The rollout of GM's redesigned full-size SUVs and low incentive spending in the latter part of the year boosted average transaction prices. Incentives fell 6.9 percent from a year earlier, and GM's average transaction price rose 6 percent, according to TrueCar.
"They got the double hit of better volume and better pricing than most others," Jominy said.
"They had a blockbuster Q4 that we could see coming from a long way out."
Now, with the microchip shortage squeezing output, GM executives said it had less than a five-day supply of some top-selling vehicles, including the Cadillac Escalade and the GMC Sierra heavy-duty pickup.
The automaker last week extended downtime at three assembly plants because of the chip shortage until at least mid-March and said it will delay shipping vehicles at two others. GM plans to divert its chip supplies to plants that build full-size SUVs and pickups to keep them running at full capacity.
GM said it expects $10 billion to $11 billion in adjusted earnings before taxes in 2021, even after a $1.5 billion to $2 billion hit from the chip shortage.
The automaker gained half a point of U.S. share last year to end 2020 with 17.3 percent of the market. Its share was 18.3 percent in the fourth quarter, a three-year high.
"When everyone doesn't have inventory, it was easier to do better," Jominy said. "Everyone had fewer incentives. Transaction prices are through the roof, and consumers are buying up everything they can."

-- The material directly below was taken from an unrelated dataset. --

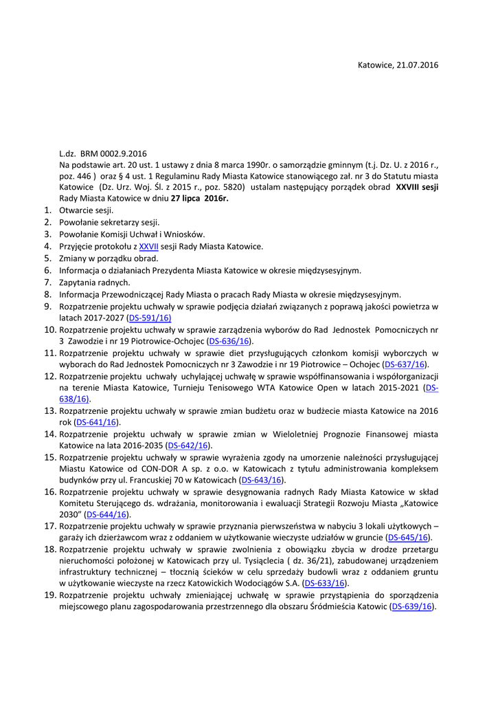 Katowice, 21.07.2016 L.dz. BRM 0002.9.2016 Na podstawie art. 20 ust. 1 ustawy z dnia 8 marca 1990r. o samorządzie gminnym (t.j. Dz. U. z 2016 r., poz. 446 ) oraz § 4 ust. 1 Regulaminu Rady Miasta Katowice stanowiącego zał. nr 3 do Statutu miasta Katowice (Dz. Urz. Woj. Śl. z 2015 r., poz. 5820) ustalam następujący porządek obrad XXVIII sesji Rady Miasta Katowice w dniu 27 lipca 2016r. 1. Otwarcie sesji. 2. Powołanie sekretarzy sesji. 3. Powołanie Komisji Uchwał i Wniosków. 4. Przyjęcie protokołu z XXVII sesji Rady Miasta Katowice. 5. Zmiany w porządku obrad. 6. Informacja o działaniach Prezydenta Miasta Katowice w okresie międzysesyjnym. 7. Zapytania radnych. 8. Informacja Przewodniczącej Rady Miasta o pracach Rady Miasta w okresie międzysesyjnym. 9. Rozpatrzenie projektu uchwały w sprawie podjęcia działań związanych z poprawą jakości powietrza w latach 2017-2027 (DS-591/16) 10. Rozpatrzenie projektu uchwały w sprawie zarządzenia wyborów do Rad Jednostek Pomocniczych nr 3 Zawodzie i nr 19 Piotrowice-Ochojec (DS-636/16). 11. Rozpatrzenie projektu uchwały w sprawie diet przysługujących członkom komisji wyborczych w wyborach do Rad Jednostek Pomocniczych nr 3 Zawodzie i nr 19 Piotrowice – Ochojec (DS-637/16). 12. Rozpatrzenie projektu uchwały uchylającej uchwałę w sprawie współfinansowania i współorganizacji na terenie Miasta Katowice, Turnieju Tenisowego WTA Katowice Open w latach 2015-2021 (DS638/16). 13. Rozpatrzenie projektu uchwały w sprawie zmian budżetu oraz w budżecie miasta Katowice na 2016 rok (DS-641/16). 14. Rozpatrzenie projektu uchwały w sprawie zmian w Wieloletniej Prognozie Finansowej miasta Katowice na lata 2016-2035 (DS-642/16). 15. Rozpatrzenie projektu uchwały w sprawie wyrażenia zgody na umorzenie należności przysługującej Miastu Katowice od CON-DOR A sp. z o.o. w Katowicach z tytułu administrowania kompleksem budynków przy ul. Francuskiej 70 w Katowicach (DS-643/16). 16. Rozpatrzenie projektu uchwały w sprawie desygnowania radnych Rady Miasta Katowice w skład Komitetu Sterującego ds. wdrażania, monitorowania i ewaluacji Strategii Rozwoju Miasta „Katowice 2030” (DS-644/16). 17. Rozpatrzenie projektu uchwały w sprawie przyznania pierwszeństwa w nabyciu 3 lokali użytkowych – garaży ich dzierżawcom wraz z oddaniem w użytkowanie wieczyste udziałów w gruncie (DS-645/16). 18. Rozpatrzenie projektu uchwały w sprawie zwolnienia z obowiązku zbycia w drodze przetargu nieruchomości położonej w Katowicach przy ul. Tysiąclecia ( dz. 36/21), zabudowanej urządzeniem infrastruktury technicznej – tłocznią ścieków w celu sprzedaży budowli wraz z oddaniem gruntu w użytkowanie wieczyste na rzecz Katowickich Wodociągów S.A. (DS-633/16). 19. Rozpatrzenie projektu uchwały zmieniającej uchwałę w sprawie przystąpienia do sporządzenia miejscowego planu zagospodarowania przestrzennego dla obszaru Śródmieścia Katowic (DS-639/16). 20. Rozpatrzenie projektu uchwały w sprawie uchwalenia miejscowego planu zagospodarowania przestrzennego dla obszaru w rejonie ulic Gliwickiej, Brackiej i Grundmanna w Katowicach, z wyłączeniem części wschodniej obszaru dawnej Huty Baildon (DS-640/16). 21. Rozpatrzenie projektu uchwały w sprawie uchwalenia miejscowego planu zagospodarowania przestrzennego południowych dzielnic miasta Katowice, w obszarze fragmentów terenów górniczych Murcki I i Giszowiec I – KWK „Murcki - Staszic”- część obejmująca przebieg drogi od rejonu ul. Sandacza do ul. Rolniczej (DS-634/16). 22. Rozpatrzenie projektu uchwały w sprawie uchwalenia miejscowego planu zagospodarowania przestrzennego południowych dzielnic miasta Katowice, w obszarze fragmentów terenów górniczych Murcki I i Giszowiec I – KWK „Murcki – Staszic” – część obejmująca przebieg drogi od ul. Kościuszki do ul. Armii Krajowej (DS-635/16). 23. Interpelacje radnych. 24. Komunikaty i wolne wnioski. 25. Zamknięcie sesji. Krystyna Siejna Przewodnicząca Rady Miasta Katowice

Duncan Aldred, vice president of global Buick-GMC, told Automotive News last week that his brands are unlikely to reach pre-COVID-19 or pre-strike inventory levels this year, but he still expects to grow market share and profitability.
Many dealers are now getting buyers lined up even before vehicles arrive on the lot, Aldred said.
"That's just a win-win for everybody," he said. "The stock turns quickly, the dealer can make more money and the customer is getting a fresh vehicle."